Hooks, Context, and Logging

These features are composable and optional — use what your pipeline needs.

Observability hooksNodeHooks provides async callbacks (on_node_start, on_node_success, on_node_failure) at node boundaries for telemetry. All optional, zero overhead when None. See the hooks tutorial and Extending Stroma for full OTel examples.

Shared context — a mutable dict on RunConfig passed to nodes that accept a second parameter. Use it for HTTP clients, API keys, caches, or accumulated metadata. See the shared context tutorial.

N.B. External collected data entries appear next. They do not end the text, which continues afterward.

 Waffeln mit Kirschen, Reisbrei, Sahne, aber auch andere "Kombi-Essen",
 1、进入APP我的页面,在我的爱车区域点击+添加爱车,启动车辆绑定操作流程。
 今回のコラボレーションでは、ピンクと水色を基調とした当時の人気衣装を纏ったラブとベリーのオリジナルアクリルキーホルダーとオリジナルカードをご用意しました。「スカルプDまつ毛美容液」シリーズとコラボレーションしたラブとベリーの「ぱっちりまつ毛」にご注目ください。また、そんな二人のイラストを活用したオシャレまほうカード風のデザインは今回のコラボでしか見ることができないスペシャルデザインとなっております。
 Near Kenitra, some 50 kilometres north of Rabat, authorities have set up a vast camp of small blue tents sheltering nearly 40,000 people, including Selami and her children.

Structured logging — the runner creates a per-run logging.LoggerAdapter with run_id in its extra dict, making it filterable in JSON log pipelines.

Pipeline Execution

The StromaRunner ties everything together. For each node in the sequence it:

  1. Validates input against the contract
  2. Fires on_node_start hook (if configured)
  3. Executes the async node function, applying per-node timeout if configured
  4. Validates output against the contract
  5. Records resource usage, computes cost from model pricing, and checks the budget
  6. Saves a checkpoint
  7. Records a trace event
  8. Fires on_node_success hook (if configured)

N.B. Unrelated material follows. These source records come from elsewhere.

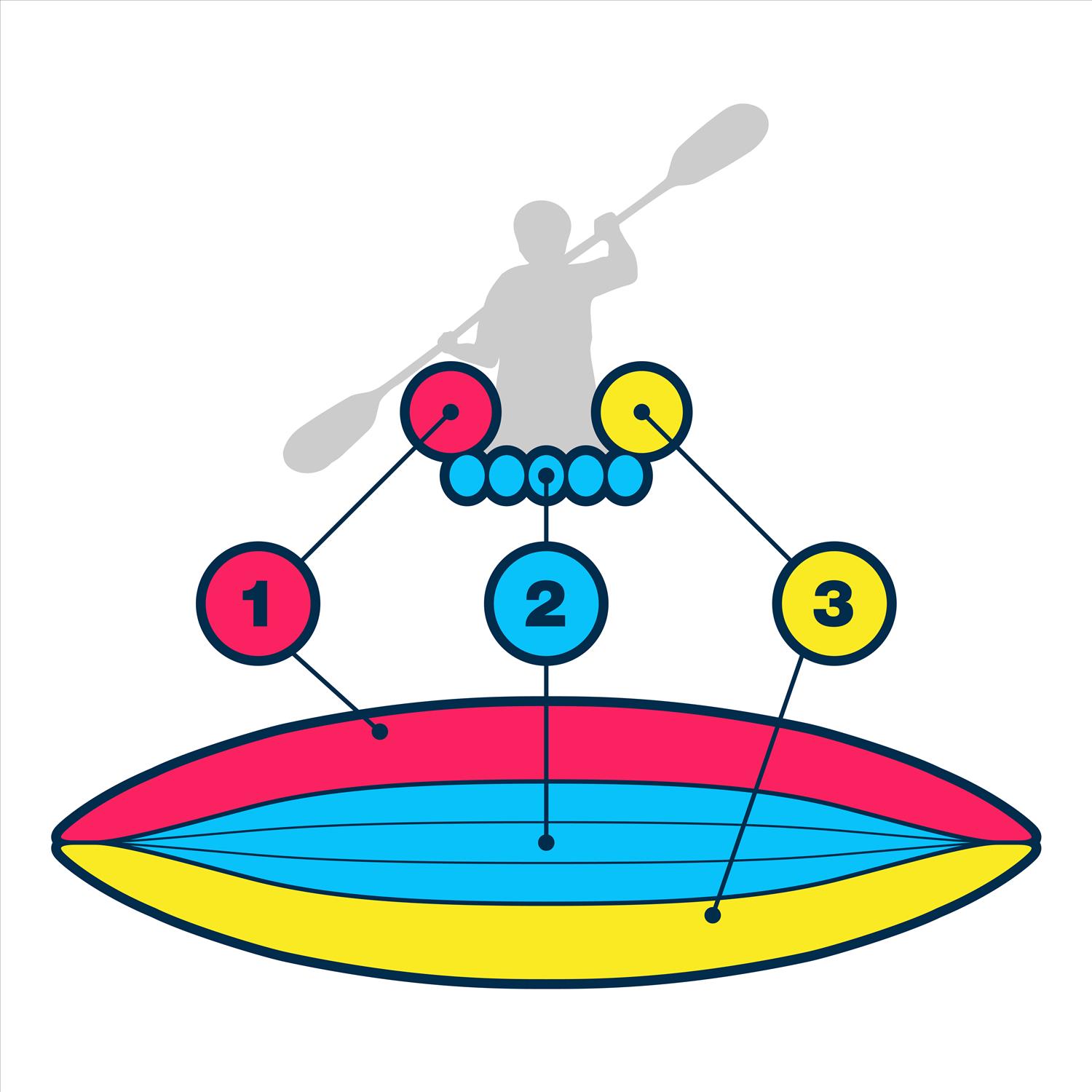 For flere år siden endret vi gulvkonstruksjonen vår fra et I-bjelkegulv med 7 rør til 5 rør. Dette forbedret padleegenskapene til Sport-kajakkene våre betraktelig, fordi padleren sitter høyere og mesteparten av vekten bæres av gulvet i stedet for av sidekamrene.
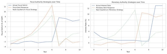 During the COVID-19 pandemic (2020–2021), the Nash equilibrium strategies adjusted to the economic downturn, recommending fiscal deficits of −3.04% and −0.93% of GDP to support the economy. The actual fiscal deficits were significantly larger, at 7.6% and 7.2% of GDP, indicating a more aggressive fiscal response to the crisis. While expansive fiscal policy was necessary to mitigate the pandemic’s impact, the magnitude of the deficits exceeded the equilibrium suggestions, potentially exacerbating public debt concerns. In terms of monetary policy, the Nash equilibrium recommended maintaining low or even negative interest rates during the pandemic, with rates at −0.99% in 2020 and 1.29% in 2021. The actual interest rates were slightly higher at 0.60%, aligning relatively closely with the equilibrium strategies, suggesting that the monetary authority’s actions during the pandemic were more in line with the theoretical optimal strategies. In the post-pandemic period (2022–2023), the Nash equilibrium strategies indicated a return to modest fiscal surpluses and gradual monetary tightening, with equilibrium interest rates rising to 3.47% and 3.84%. However, the actual fiscal deficits remained high at 6.2% and 6.7% of GDP, deviating from the equilibrium’s recommendation for surpluses. The monetary authority implemented sharp interest rate increases to 13.00% in both years, significantly exceeding the Nash equilibrium suggestions. This aggressive monetary tightening likely reflects attempts to combat rising inflation and stabilize the currency in the face of external pressures, such as the economic repercussions of the Ukraine war and global supply chain disruptions.
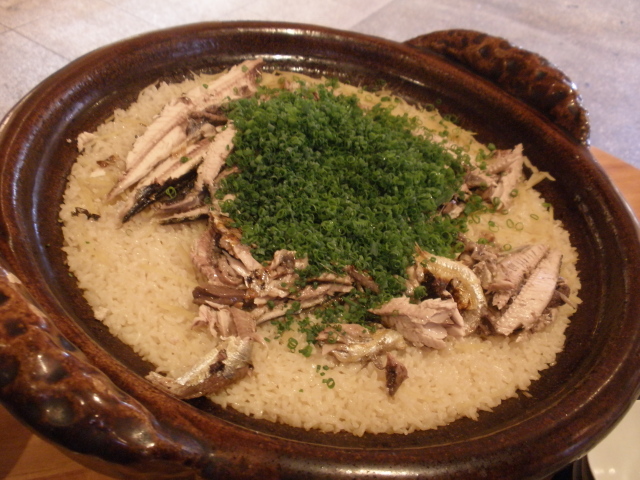 ふっくらと炊けた醤油出汁のご飯に生姜の香りと葱の爽やかさが加わり、極上の秋刀魚釜めしとなりました。
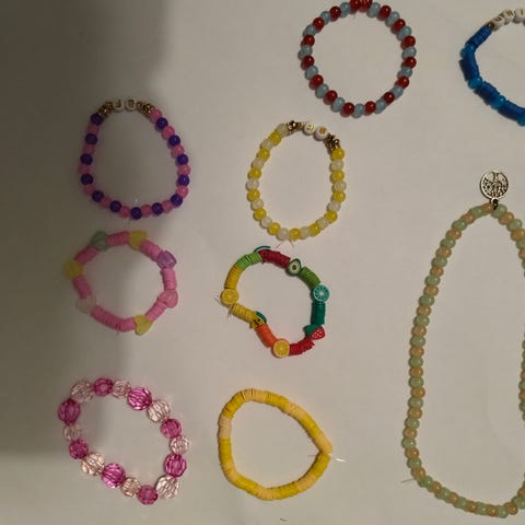 Poika myy tekemiään käsikoruja ja kaulakoruja.
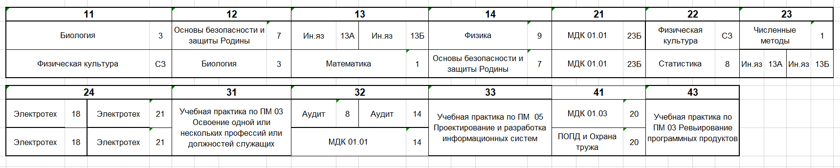 Расписание
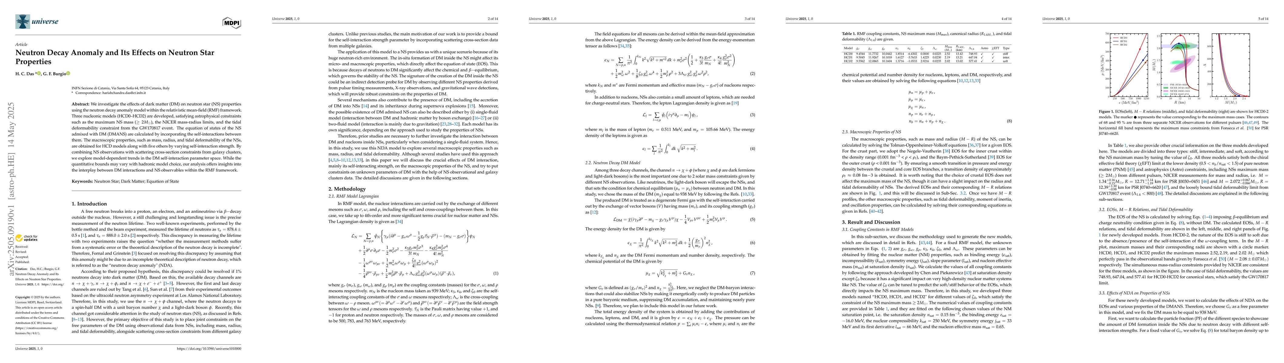 This work distinguishes itself by examining the neutron decay anomaly's effects on NS properties using DM within the RMF framework, providing a novel approach to understanding both neutron stars and dark matter.

On failure, it fires on_node_failure, classifies the exception, looks up the per-node or global retry policy, and either retries with jittered backoff, stops with a terminal status, or gives up after exhausting retries.

Per-node timeouts

Set per-node timeouts to guard against hanging calls. Timeouts are specified in milliseconds and keyed by node ID:

runner = StromaRunner.quick().with_node_timeouts({
    "llm_call": 30_000,   # 30 seconds
    "embedding": 10_000,  # 10 seconds
})

When a node exceeds its timeout, asyncio.wait_for raises TimeoutError. This is classified as RECOVERABLE (see the failure classification table), so timed-out nodes are retried automatically. Nodes without a configured timeout run without any time limit. Timeouts apply to both sequential and parallel nodes.

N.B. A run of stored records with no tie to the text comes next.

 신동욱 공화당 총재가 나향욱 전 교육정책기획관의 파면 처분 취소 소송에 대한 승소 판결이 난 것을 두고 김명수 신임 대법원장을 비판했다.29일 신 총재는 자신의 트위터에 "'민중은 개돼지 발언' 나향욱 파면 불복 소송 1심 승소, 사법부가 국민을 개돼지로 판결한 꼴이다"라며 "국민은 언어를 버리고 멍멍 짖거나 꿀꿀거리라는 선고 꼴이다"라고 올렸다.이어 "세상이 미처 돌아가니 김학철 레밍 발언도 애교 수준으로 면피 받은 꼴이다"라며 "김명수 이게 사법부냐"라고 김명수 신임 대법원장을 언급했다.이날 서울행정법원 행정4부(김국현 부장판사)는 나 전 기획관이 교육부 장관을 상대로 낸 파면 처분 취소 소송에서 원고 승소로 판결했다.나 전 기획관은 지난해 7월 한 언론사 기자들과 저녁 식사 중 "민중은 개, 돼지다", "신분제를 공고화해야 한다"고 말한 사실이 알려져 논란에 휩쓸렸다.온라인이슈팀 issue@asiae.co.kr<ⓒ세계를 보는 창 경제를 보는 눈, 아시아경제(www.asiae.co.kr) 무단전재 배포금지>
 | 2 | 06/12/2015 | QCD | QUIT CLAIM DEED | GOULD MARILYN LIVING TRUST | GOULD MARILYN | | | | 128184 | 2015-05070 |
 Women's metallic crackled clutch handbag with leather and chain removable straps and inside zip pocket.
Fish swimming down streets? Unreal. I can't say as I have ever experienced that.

Input State → [Hook:start] → [Contract] → Node → [Contract] → [Budget] → [Checkpoint] → [Hook:success] → Output State
                                             ↑                                                                   |
                                             └──────────── retry (if recoverable) ──────────────────────────────┘

Parallel fan-out

For independent nodes that can run simultaneously, use parallel():

from stroma import parallel

result = await runner.run(
    [node_a, parallel(node_b, node_c), node_d],
    state,
)

parallel() wraps multiple nodes into a single pseudo-node that runs them concurrently with asyncio.gather. Child outputs are merged into a single dict (last write wins on key conflicts). Each child's output is validated against its declared contract before merging, so structurally invalid data is caught immediately. On any child failure (including ContractViolation), remaining tasks are cancelled and the exception propagates to the runner's failure handling. Parallel nodes also support retries — transient failures are retried with the same backoff policies as sequential nodes.

Warning

Parallel nodes bypass individual contract validation. Each child node returns a raw dict. The merged output is validated by the next sequential node's input contract — not by each child's declared output contract. If you rely on contracts for per-node correctness guarantees, this is a gap to be aware of.

Stateless runner

CostTracker, RetryBudget, and ExecutionTrace are created fresh per run() call. Calling runner.run() multiple times on the same instance does not accumulate state between runs.

Stability

Not every primitive is at the same maturity level. Use this as a guide for production planning.

Status Primitives
Stable StromaRunner, contracts, failure classification, retry policies, execution tracing
Stable Checkpointing (InMemoryStore, AsyncInMemoryStore, RedisStore)
Beta LangGraph adapter, fluent builder API (.with_budget(), .with_hooks(), etc.), per-node timeouts
Experimental Cost tracking / KNOWN_MODELS pricing, ModelHint / fallback routing

Stable means the API won't change without a major version bump. Beta means the API is solid but may see minor adjustments. Experimental means useful today but subject to change.